If the length of the list is small, this approach does run slower as compared to the previously mentioned approaches. However, once the length of the list becomes reasonably large, this approach fares much better in runtime comparatively.
Comparison of 3 Bubble Sort implementations
The image below shows the runtime of all approaches mentioned so far in different scenarios
Time and Space Complexity

Time: Each iteration involves an odd and even phase. Combining the number of comparisons in both phases, we get n1 comparisons for each iteration. So, the time complexity, considering we have multiple processors to perform each iteration, the original time complexity of O(n^2) becomes O(n).

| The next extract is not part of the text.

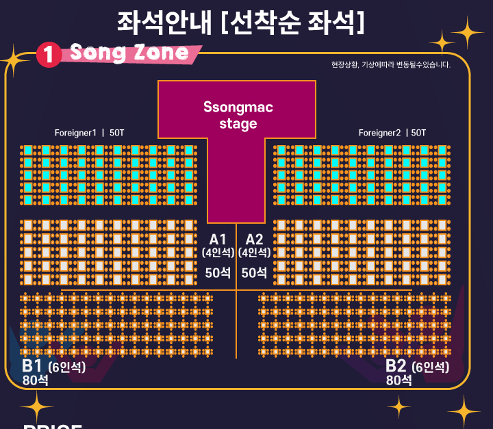 좌석 티켓을 구매하게 되면, 스테이지 주변의 테이블(4인석, 6인석)에 앉을 수 있으며 좌석은 선착순 좌석입니다. 시그니처 메뉴 중 하나(크림세우, 타코, 닭강정)를 고를 수 있으며 생맥주 5000cc도 제공합니다.

Processor: In the case of multiprocessors, both odd and even phase comparisons occur simultaneously. Both phases at max require n/2 processors, so total processors required become n/2 + n/2 = n processors, where n stands for the number of elements in the list. The alternate threading approach used for parallel bubble sort in the end makes use of all the available processors on the system.

Space: Since bubble sort is an inplace algorithm, that property stays the same even in parallel implementation. So without extra space use, the space requirement stays constant O(1). In the case of the alternate parallel bubble sort approach using threads, space requirement depends on the number of threads used.
With this article at OpenGenus, you must have the complete idea of Parallel Bubble Sort.